BLOG — Postable
- Published: February 22, 2017
“This feels terrible.”
My daughter raised her head from where it was bowed over a plastic bowl, near the couch where she had just been lying. She was matter-of-fact as she said the words, and her face, blanched but for her bright pink cheeks, was stoic.
We’d been having a perfect Sunday earlier that day; we’d come home from Friends Meeting to find a group of neighborhood kids next door whom we had never met. One of them shyly approached as we got out of the car to go inside, and asked me if Lucy was allowed to play hide-and-seek with them. Lucy, having never before had a group of neighborhood kids invite her to play, grasped my hand and half-hid behind the purse I was holding, tentative about accepting. A sudden burst of self-confidence overtook her moments later, and she released my hand and ran to follow the other kids. I should perhaps have warned the other kids that Lucy, while very intelligent, is quite literally the worst player of hide-and-seek I’ve ever met. I went inside and looked out the living room window as Lucy counted to 20 and the other kids scattered, and I sat down and cried.

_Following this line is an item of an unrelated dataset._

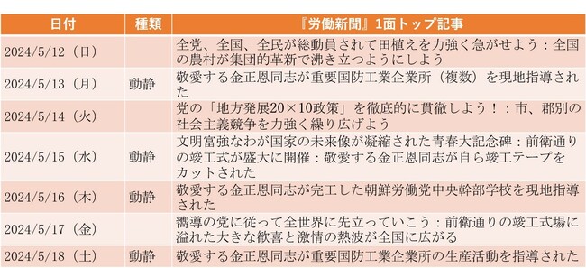 5月15日付は、金正恩(キム・ジョンウン)国務委員長出席のもと挙行された「前衛通り」の竣工式について4ページかけて報じた。平壌(ピョンヤン)市北部に建設された「前衛通り」は80階建てのタワーマンションも擁しており、「敬愛する父」であり「偉大な親」である金正恩が格別な関心を払ってきたことが称えられた。「歓迎曲が響くなか、父なる元帥様が愛するお子さまとともに竣工式場に到着するや、爆風のような『万歳!』の歓声が上がった」として、江東(カンドン)総合温室竣工・操業式以来2カ月ぶりに娘の同行が確認された。同日付第5面には、金正恩が「重要武装装備の生産実態を了解」したとの記事が掲載されたが、ここに娘は同行していない。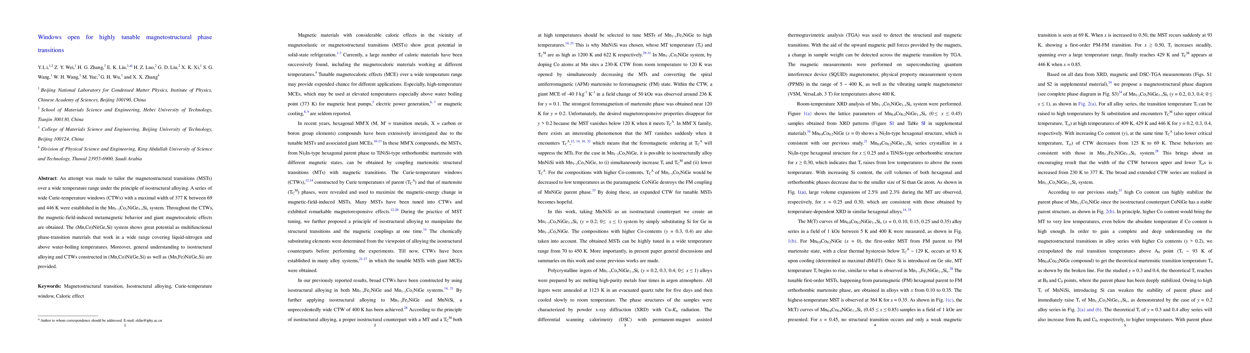 An attempt was made to tailor the magnetostructural transitions (MSTs) over a wide temperature range under the principle of isostructural alloying. A series of wide Curie-temperature windows (CTWs) with a maximal width of 377 K between 69 and 446 K were established in the Mn1-yCoyNiGe1-xSix system. Throughout the CTWs, the magnetic-field-induced metamagnetic behavior and giant magnetocaloric effects are obtained. The (Mn,Co)Ni(Ge,Si) system shows great potential as multifunctional phase-transition materials that work in a wide range covering liquid-nitrogen and above water-boiling temperatures. Moreover, general understanding to isostructural alloying and CTWs constructed in (Mn,Co)Ni(Ge,Si) as well as (Mn,Fe)Ni(Ge,Si) are provided.

People around my age, especially those who are parents, have this obsession with collecting, preserving and publicly announcing perfect moments. Late Gen X-ers, Millennials or somewhere just in between, we were given the gift of being able to, via the Internet, broadcast the best versions of ourselves in our youth, and for many of us, it’s understood that the camera will pan out, the broadcast will widen to include our spouses and children as we age. Much has been written over the years about this now-common practice — maybe too much — so I’m not going to spend much time wringing my hands in this blog about whether or not posting pictures of my tacos on Facebook and Instagram makes my life somehow less authentic. What I will say is that, for my part, the way I process the passage of time as an adult seems to have been influenced largely by a personal and lifelong need to document, a need that I can’t really blame on social media, and one that ramped up significantly the moment my daughter was born.
What I can attribute to social media is the occasional tendency to measure the day in what I’m going to call “postable moments” — that is, rating the day based on whether something good enough to post on Instagram or Facebook has occurred. Was it funny? Was it moving? Was it adorable? Did I post it?
It sounds as off-putting now that I’m typing as it did when it occurred to me at around 3 a.m. the other day. I was listening out for Lucy, in case she called from her bedroom. I was lying on the couch, the same couch where I had cried earlier because Lucy had so effortlessly made new friends. Now that had been a perfect, postable moment: the sight of Lucy and and the neighborhood kids playing on and around our small porch, drinking the Hawaiian Punch I’d served them each from a pitcher, wishing I’d been wearing an apron or something so I could really get into the “neighborhood mom” vibe. Yes, it was a wonderful afternoon — until Lucy came in from playing, sat down on the linoleum in front of the aquarium and puked in her hands.
What occurred to me at 3 a.m. was that every postable moment is, naturally, preceded and followed by other moments; that moments, in fact, don’t exist. Or rather, they don’t exist until later. A moment is a film reel constructed in the mind to spin at will. A moment is a ghost, a telescope, a glance from the corner of the eye.
Again, this was 3 a.m., so bear with me.
I’m not going to beat myself up for wanting to share the best parts of my day with folks and receive them in kind from others, and I’m not going to beat you up about it, either. Surely assuming anything that you’ve got to say is important to someone else is an incredible act of ego, even if that assumption is true, and that can be applied to everybody. But in our quieter hours, perhaps pre-dawn and waiting for sounds from the next room, the things we don’t share rise and announce themselves. For example, holding your child’s hair back while she repeatedly barfs into one of the mixing bowls your mom gave you, one you grew up watching her use, and which you’ll probably never use again. Wishing she felt better so you could put her to bed in her own room as you normally do and enjoy the little bit of child-free time you normally have in the evenings. The guilt you feel for having the preceding thought when your daughter raises her head from your mother’s mixing bowl and doesn’t cry, but just looks at you and says, “This feels terrible.”
I want to forget these things, but they’ll come back to me. When they do, they won’t necessarily be any more true or false than the parts of my life I typically choose to share with others. They will, though, perhaps tell me more about myself than the snapshots on my phone. Or rather, they will remind me that I’m not always High Street Mom, resplendent on the porch with a pitcher of sugar water and a smile — if I ever was. They will remind me that, sometimes, I’m tired and annoyed and dumping a bowl of vomit down the toilet — and that you are, too.